Stored items:
* * *

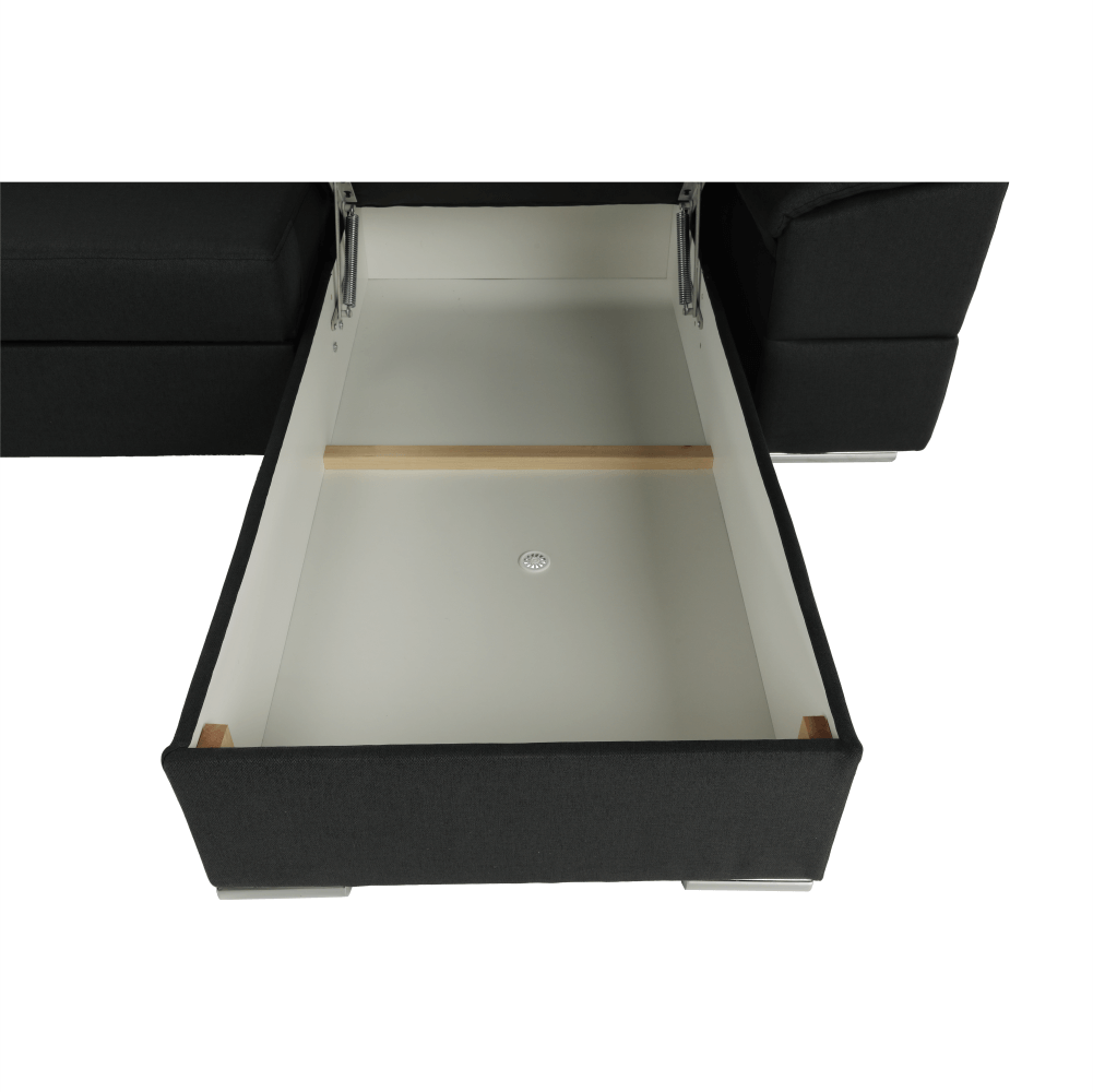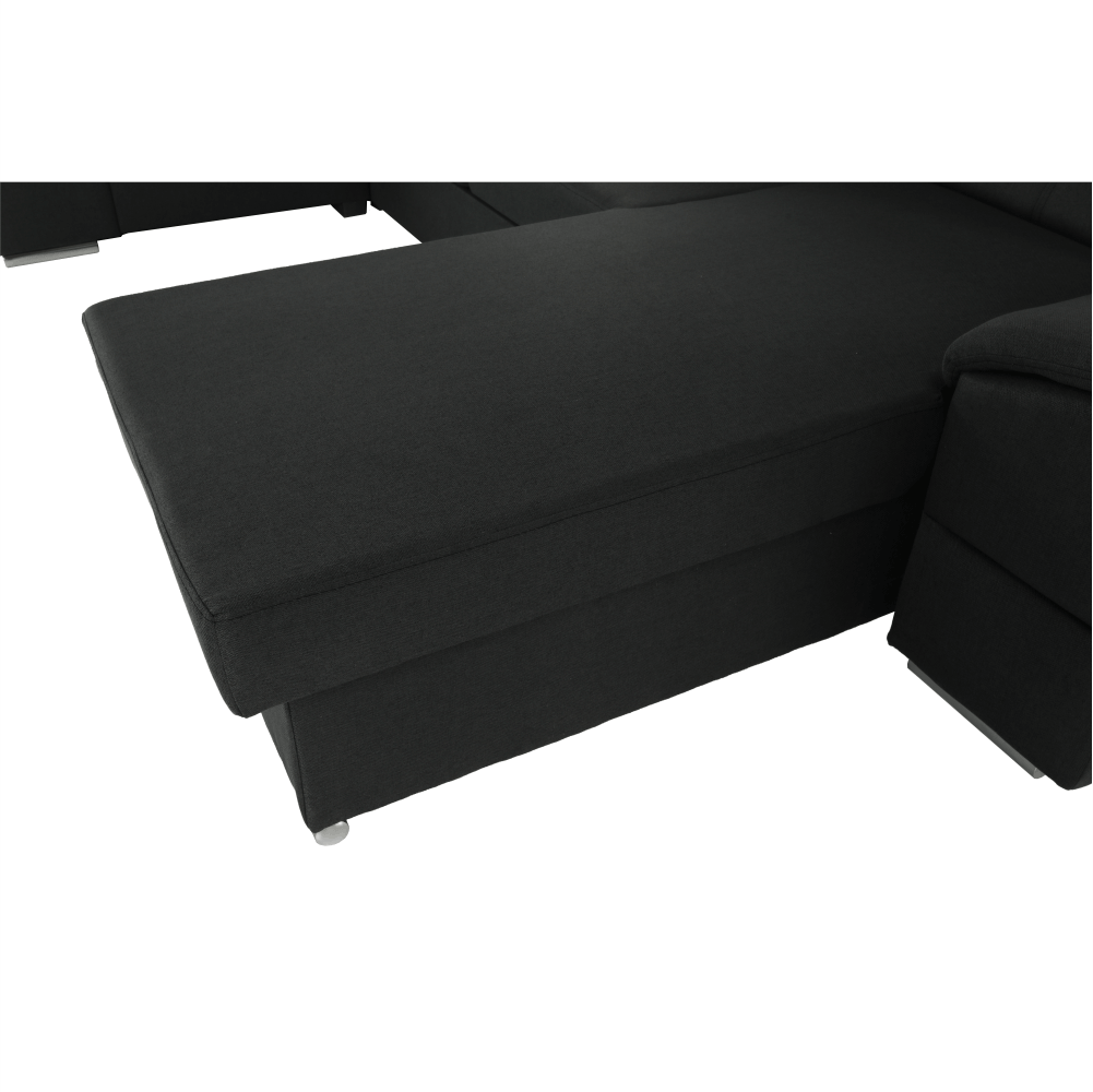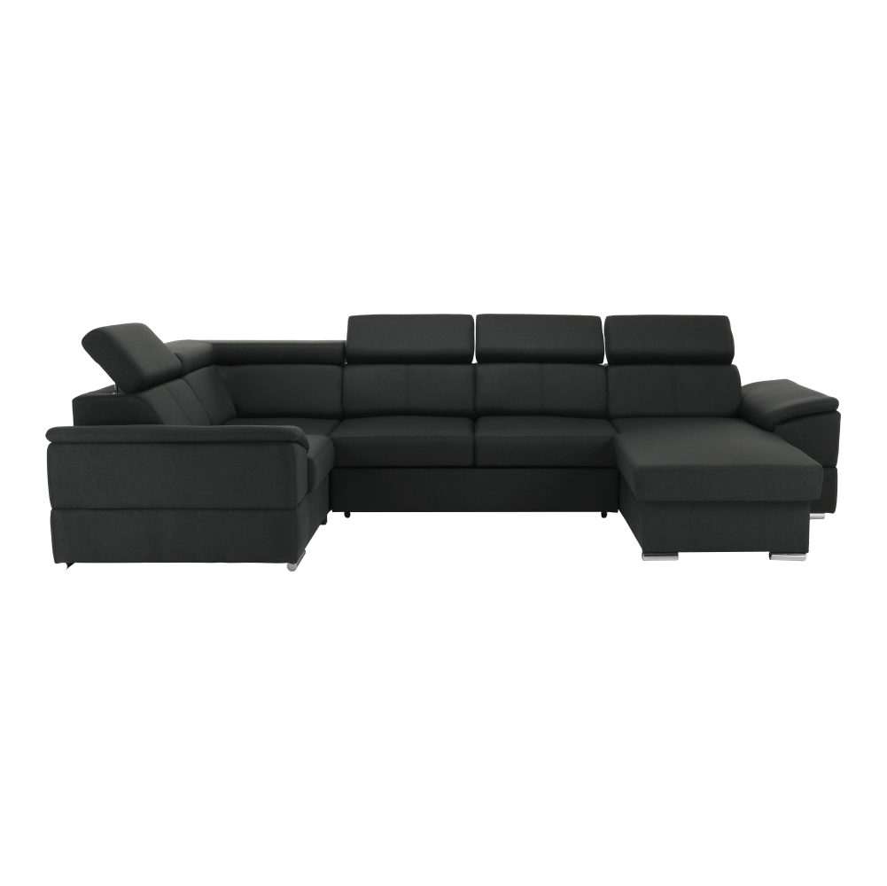 Rohová rozkladacia sedacia súprava, SEGORIA ROH Umateriál: látka MalmoOderuodolnosť textílie podľa testu Martindale: 50 000 oderovfarebné prevedenie: 96 tmavosivározmery: (ŠxHxV): 330x183/196x79/97 cm plocha na spanie: (ŠxD): 130x246 cmVýška spodného priestoru od podlahy: 4,5 cmNosnosť na osobu: 90 kgHĺbka sedu: 56 cmVýška sedu: 43 cmS úložným priestoromPolohovacie opierky hlavyCeločalúnenáPravé prevedenieVýplň: pružina falista4 polohovacie opierky hlavy 6 stupňové polohovanie opierokDodávané v demonte
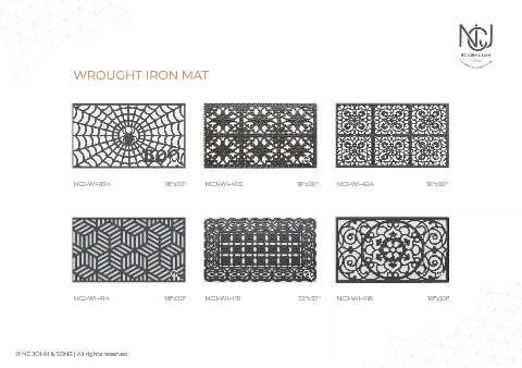 WROUGHT IRON MAT NCJ-WI-394 18"x30" NCJ-WI-405 18"x30" NCJ-WI-424 18"x30" NCJ-WI-414 18"x30" NCJ-WI-415 22"x37" NCJ-WI-418 18"x30" © NC JOHN & SONS | All rights reserved
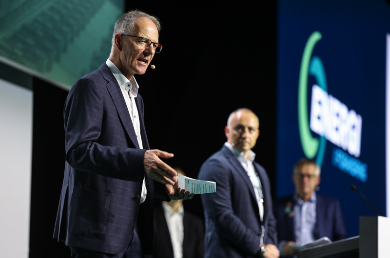 Bjarne Munk Jensen var som direktør for Kredsløb draget fra Aarhus til Odense for at være med til at annoncere åbningen af geotermi på Landsmøde 2025. Samir Abboud - CEO i Innargi - var også med på scenen sammen med direktør i Dansk Fjernvarme, Kim Mortensen. Foto: Jesper Voldgaard.
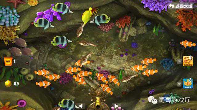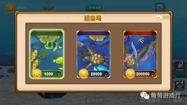 游戏中共有五个捕鱼场,不过想获得更绚丽迷人的渔场是要付出点代价滴。游戏为捕鱼和养成结合的休闲游戏,所以当你在渔场捕鱼金币不够时,可以查看你的鱼库,将捕来的鱼卖掉换得金币。也可以将捕到的鱼放到你的水域中进行喂养,但一定要注意保持水质清澈呦~
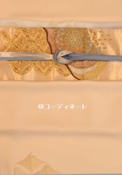お母さんがの日本刺繍されて袋帯に「力」がありまして、その力に負けない帯締を持ってこないとコーディネートが整わないことから、ころらの同系色で纏めたコーディネートとなります。
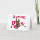 Pretty bright red text that reads "Reindeer Rock" and an adorable reindeer are featured on holiday greeting cards, holiday T-shirts, mugs, tote bags, and more.
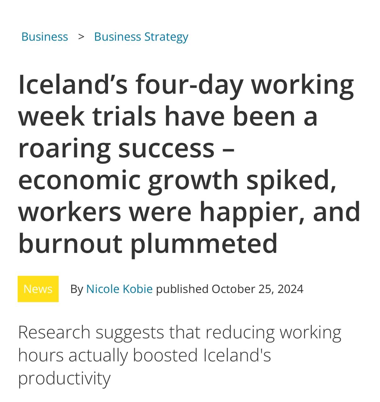 🤓 Исследования показывают, что сокращение рабочего времени на самом деле повысило производительность Исландии
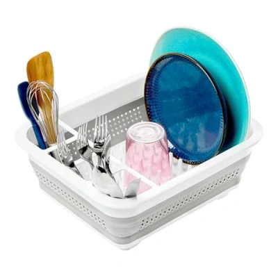 Store and organize dinnerware and glassware while drying silverware and kitchen utensils Flexible material allows dish rack to collapse flat to save space and make the most of your kitchen countertop Can be used with a drying mat or drain board Separate area for silverware, utensils, and other gadgets for more organized drying Dimensions: 14. 63 L x 12. 63 W x 2. 75 H in (37. 16 x 32. 08 x 6. 99 cm); expanded height: 5. 5 in (14. 00 cm)
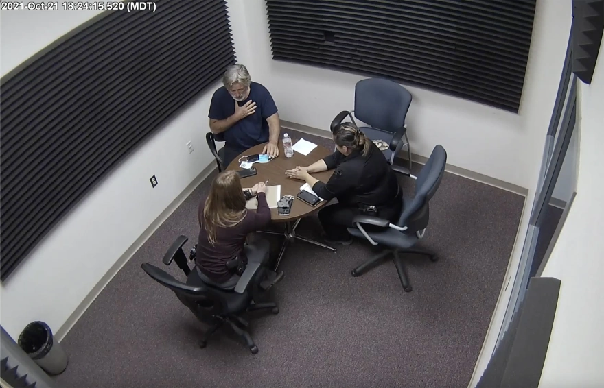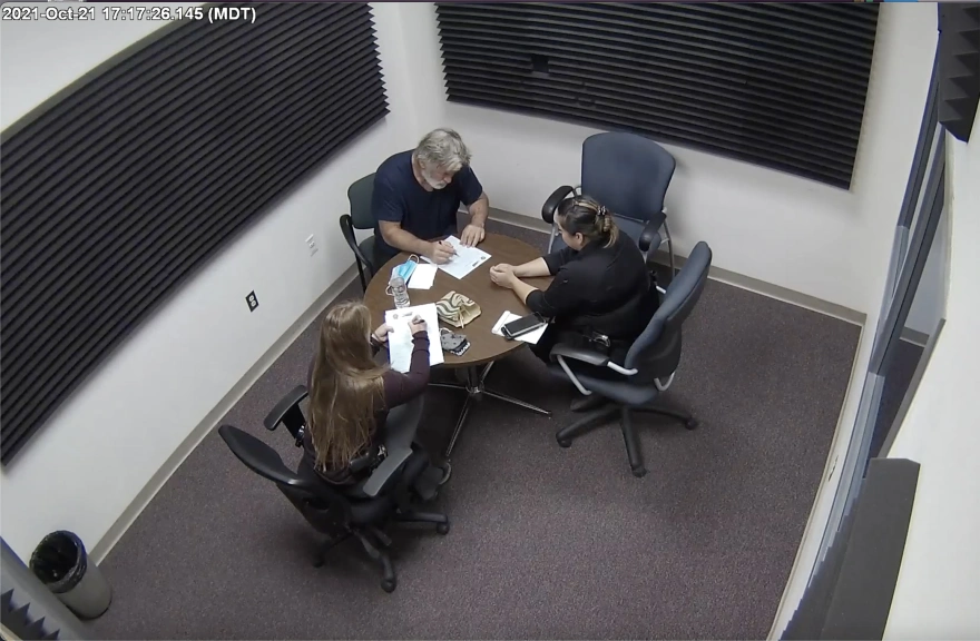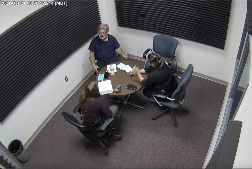 Τα συγκεκριμένα πλάνα, κυκλοφόρησαν από το γραφείο του σερίφη της κομητείας Σάντα Φε, μαζί με μια σειρά από άλλα στοιχεία. Στη διάρκεια της μακράς συζήτησης, που φαίνεται στα στιγμιότυπα, ο Μπάλντουιν χρησιμοποιεί το κινητό του τηλέφωνο, καθώς περιμένει τους αστυνομικούς να εισέλθουν στην αίθουσα για την ανάκριση.
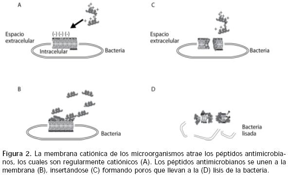 Las moléculas que tienen un efecto microbicida directo son principalmente los péptidos antimicrobianos, de bajo peso molecular (34.5 kD) y son principalmente catiónicos2123; tienen un amplio espectro en contra de bacterias Gram positivas, Gram negativas, hongos y virus envueltos23,24. Los péptidos, por su carga positiva, son atraídos por la membrana del microorganismo que regularmente tiene carga negativa. La unión de los péptidos con la membrana ocasiona que se aglutinen formando poros en la membrana del microorganismo, llevando así a su lisis2224 (Figura 2). Los péptidos antimicrobianos son sinérgicos con moléculas de defensa, tales como la lisosima y la lactoferrina24. De acuerdo con su estructura, existen varias clasificaciones de este tipo de péptidos antimicrobianos24; hay dos tipos muy importantes en el tracto respiratorio, las catelicidinas y las defensinas. Estos péptidos son producidos principalmente por las células epiteliales y por algunas células fagocíticas19,24,25; en su mayoría son inducibles, el estímulo puede ser por citocinas proinflamatorias como TNFα e IL1, PAM u otro tipo de péptidos antimicrobianos como catelicidinas26,27, pero también existen aquellos que son sintetizados constitutivamente como es el caso de la βdefensina1. Se ha observado que en algunas enfermedades de pulmón como fibrosis quística, neumonía infecciosa, bronquitis crónica, sarcoidosis y fibrosis pulmonar idiopática, los niveles de defensinas están claramente aumentados, lo que indica que son inducibles y están involucradas dentro de la inmunopatogénesis de varias enfermedades; tal es el caso de la neumonía causada por Pseudomonas aeruginosa donde se ha visto que se incrementa la cantidad de βdefensina2 en el lavado bronquiolo alveolar; además, se observó que este tipo de bacteria es susceptible a la acción bactericida de este tipo de defensina26. En enfermos con fibrosis quística, la alta cantidad de NaCI en pulmón de estos pacientes inactiva las defensinas de éste debido a la carga del NaCI, misma que da lugar a una infección por Pseudomonas muy difícil de controlar; inclusive, cuando hay una gran cantidad de anticuerpos circulantes en contra de Pseudomonas aeruginosa, la neumonía progresa hasta sus últimas consecuencias al estar inactivas las defensinas28.
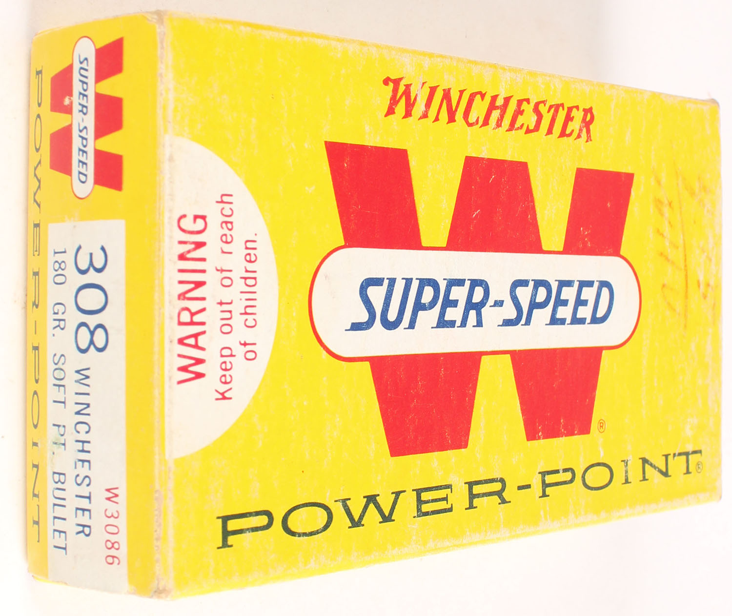 Winchester, Power-Point, .308 Winchester, 180 Gr. Soft Point Bullet, Full, 1pc. Yellow white & red box, box is solid with excellent color, some shelf wear, minor corner wear, very minor edge wear, top has been written on, end flaps are solid, ammo is excellent. Grade: Excellent - Value: 14 to 40
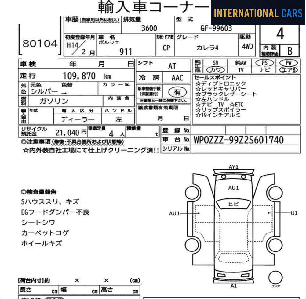 Le Japon est un terrain privilégié pour trouver des PORSCHE 911 CP 4WD 911 CARRERA 4 2002 en excellent état, grâce à son système d'enchères structuré et à ses habitudes d'utilisation.
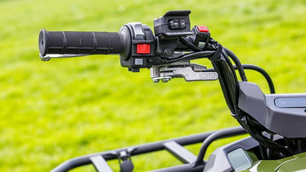 Leva mecanica montata a manubrio per cambiare da 2 a 4 ruote motrici.
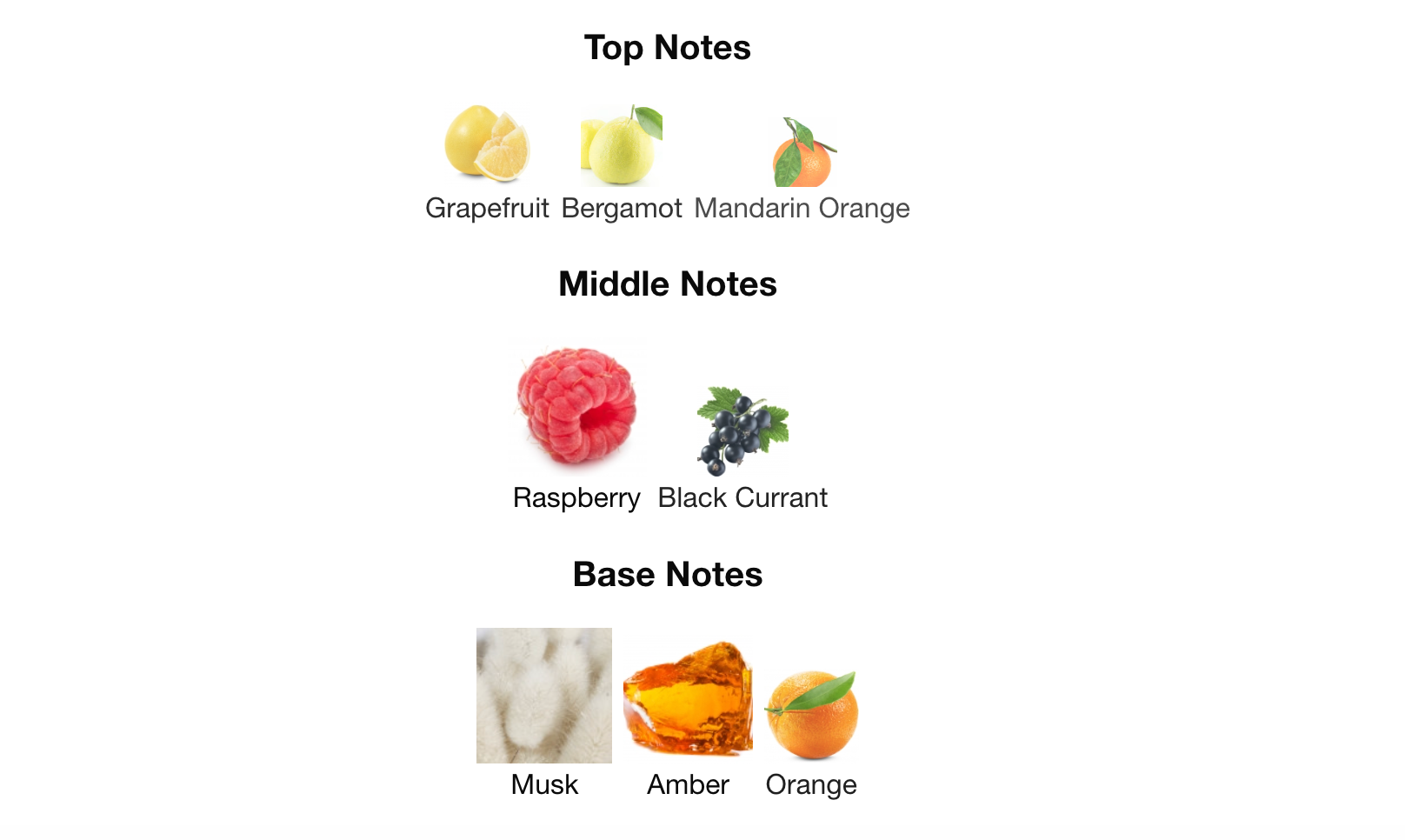 Top notes are Grapefruit, Bergamot and Mandarin Orange

* * *

Task goal
Quote the records above exactly, from the first line through the line containing "WROUGHT IRON MAT", and leave out the pictures.

Your response
 Rohová rozkladacia sedacia súprava, SEGORIA ROH Umateriál: látka MalmoOderuodolnosť textílie podľa testu Martindale: 50 000 oderovfarebné prevedenie: 96 tmavosivározmery: (ŠxHxV): 330x183/196x79/97 cm plocha na spanie: (ŠxD): 130x246 cmVýška spodného priestoru od podlahy: 4,5 cmNosnosť na osobu: 90 kgHĺbka sedu: 56 cmVýška sedu: 43 cmS úložným priestoromPolohovacie opierky hlavyCeločalúnenáPravé prevedenieVýplň: pružina falista4 polohovacie opierky hlavy 6 stupňové polohovanie opierokDodávané v demonte
 WROUGHT IRON MAT NCJ-WI-394 18"x30" NCJ-WI-405 18"x30" NCJ-WI-424 18"x30" NCJ-WI-414 18"x30" NCJ-WI-415 22"x37" NCJ-WI-418 18"x30" © NC JOHN & SONS | All rights reserved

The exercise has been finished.